Short answer, gcc specifically has documented this problem, we can see that in the gcc 4.8 release notes which says (emphasis mine going forward):

GCC now uses a more aggressive analysis to derive an upper bound for the number of iterations of loops using constraints imposed by language standards. This may cause non-conforming programs to no longer work as expected, such as SPEC CPU 2006 464.h264ref and 416.gamess. A new option, -fno-aggressive-loop-optimizations, was added to disable this aggressive analysis. In some loops that have known constant number of iterations, but undefined behavior is known to occur in the loop before reaching or during the last iteration, GCC will warn about the undefined behavior in the loop instead of deriving lower upper bound of the number of iterations for the loop. The warning can be disabled with -Wno-aggressive-loop-optimizations.

and indeed if we use -fno-aggressive-loop-optimizations the infinite loop behavior should cease and it does in all the cases I have tested.

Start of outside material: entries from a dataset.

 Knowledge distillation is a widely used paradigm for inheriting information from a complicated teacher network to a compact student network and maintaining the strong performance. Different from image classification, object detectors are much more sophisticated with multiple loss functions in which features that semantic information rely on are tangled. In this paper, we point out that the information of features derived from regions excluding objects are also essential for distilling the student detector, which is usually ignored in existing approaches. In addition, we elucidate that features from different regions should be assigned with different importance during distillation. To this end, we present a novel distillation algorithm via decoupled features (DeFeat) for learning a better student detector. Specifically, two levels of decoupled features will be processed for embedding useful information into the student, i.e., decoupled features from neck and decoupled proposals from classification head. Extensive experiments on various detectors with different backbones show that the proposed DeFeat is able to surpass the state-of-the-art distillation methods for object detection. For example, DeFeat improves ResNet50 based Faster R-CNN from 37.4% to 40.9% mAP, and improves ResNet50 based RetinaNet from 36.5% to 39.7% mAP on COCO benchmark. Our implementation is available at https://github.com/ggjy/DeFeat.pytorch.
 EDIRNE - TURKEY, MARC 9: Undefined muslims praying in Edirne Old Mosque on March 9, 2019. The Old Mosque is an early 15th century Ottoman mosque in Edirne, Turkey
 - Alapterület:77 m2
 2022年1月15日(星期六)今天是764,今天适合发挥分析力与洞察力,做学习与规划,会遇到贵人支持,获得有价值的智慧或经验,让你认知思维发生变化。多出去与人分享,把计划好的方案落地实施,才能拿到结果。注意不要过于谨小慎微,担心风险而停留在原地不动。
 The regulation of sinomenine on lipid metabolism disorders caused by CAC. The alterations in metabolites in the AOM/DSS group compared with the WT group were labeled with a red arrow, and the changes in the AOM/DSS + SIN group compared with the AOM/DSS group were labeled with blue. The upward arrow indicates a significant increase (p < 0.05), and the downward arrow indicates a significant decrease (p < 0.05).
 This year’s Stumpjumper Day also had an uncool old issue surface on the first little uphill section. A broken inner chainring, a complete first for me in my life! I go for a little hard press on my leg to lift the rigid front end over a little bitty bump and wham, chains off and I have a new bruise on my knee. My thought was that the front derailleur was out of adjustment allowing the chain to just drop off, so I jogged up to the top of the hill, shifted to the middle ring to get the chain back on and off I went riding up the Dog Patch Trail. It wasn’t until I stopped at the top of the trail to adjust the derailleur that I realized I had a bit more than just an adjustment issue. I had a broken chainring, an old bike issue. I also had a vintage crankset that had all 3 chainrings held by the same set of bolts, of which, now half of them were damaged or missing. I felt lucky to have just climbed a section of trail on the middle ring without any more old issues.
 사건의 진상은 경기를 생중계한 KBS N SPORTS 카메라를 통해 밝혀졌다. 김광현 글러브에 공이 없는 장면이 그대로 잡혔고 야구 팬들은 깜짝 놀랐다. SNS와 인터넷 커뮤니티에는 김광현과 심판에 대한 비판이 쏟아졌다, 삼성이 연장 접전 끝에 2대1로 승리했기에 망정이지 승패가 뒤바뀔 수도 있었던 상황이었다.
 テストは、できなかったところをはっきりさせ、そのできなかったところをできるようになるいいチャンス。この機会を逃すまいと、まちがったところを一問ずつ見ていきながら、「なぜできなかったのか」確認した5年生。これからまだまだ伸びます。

The long answer starts with knowing that signed integer overflow is undefined behavior by looking at the draft C++ standard section 5 Expressions paragraph 4 which says:

If during the evaluation of an expression, the result is not mathematically defined or not in the range of representable values for its type, the behavior is undefined. [ Note: most existing implementations of C++ ignore integer overflows. Treatment of division by zero, forming a remainder using a zero divisor, and all floating point exceptions vary among machines, and is usually adjustable by a library function. —end note

We know that the standard says undefined behavior is unpredictable from the note that come with the definition which says:

[ Note: Undefined behavior may be expected when this International Standard omits any explicit definition of behavior or when a program uses an erroneous construct or erroneous data. Permissible undefined behavior ranges from ignoring the situation completely with unpredictable results, to behaving during translation or program execution in a documented manner characteristic of the environment (with or without the issuance of a diagnostic message), to terminating a translation or execution (with the issuance of a diagnostic message). Many erroneous program constructs do not engender undefined behavior; they are required to be diagnosed. —end note ]

But what in the world can the gcc optimizer be doing to turn this into an infinite loop? It sounds completely wacky. But thankfully gcc gives us a clue to figuring it out in the warning:

warning: iteration 3u invokes undefined behavior [-Waggressive-loop-optimizations]
   std::cout << i*1000000000 << std::endl;
                  ^

The clue is the Waggressive-loop-optimizations, what does that mean? Fortunately for us this is not the first time this optimization has broken code in this way and we are lucky because John Regehr has documented a case in the article GCC pre-4.8 Breaks Broken SPEC 2006 Benchmarks which shows the following code:

int d[16];

int SATD (void)
{
  int satd = 0, dd, k;
  for (dd=d[k=0]; k<16; dd=d[++k]) {
    satd += (dd < 0 ? -dd : dd);
  }
  return satd;
}

the article says:

The undefined behavior is accessing d[16] just before exiting the loop. In C99 it is legal to create a pointer to an element one position past the end of the array, but that pointer must not be dereferenced.

and later on says:

In detail, here is what’s going on. A C compiler, upon seeing d[++k], is permitted to assume that the incremented value of k is within the array bounds, since otherwise undefined behavior occurs. For the code here, GCC can infer that k is in the range 0..15. A bit later, when GCC sees k<16, it says to itself: “Aha– that expression is always true, so we have an infinite loop.” The situation here, where the compiler uses the assumption of well-definedness to infer a useful dataflow fact,

So what the compiler must be doing in some cases is assuming since signed integer overflow is undefined behavior then i must always be less than 4 and thus we have an infinite loop.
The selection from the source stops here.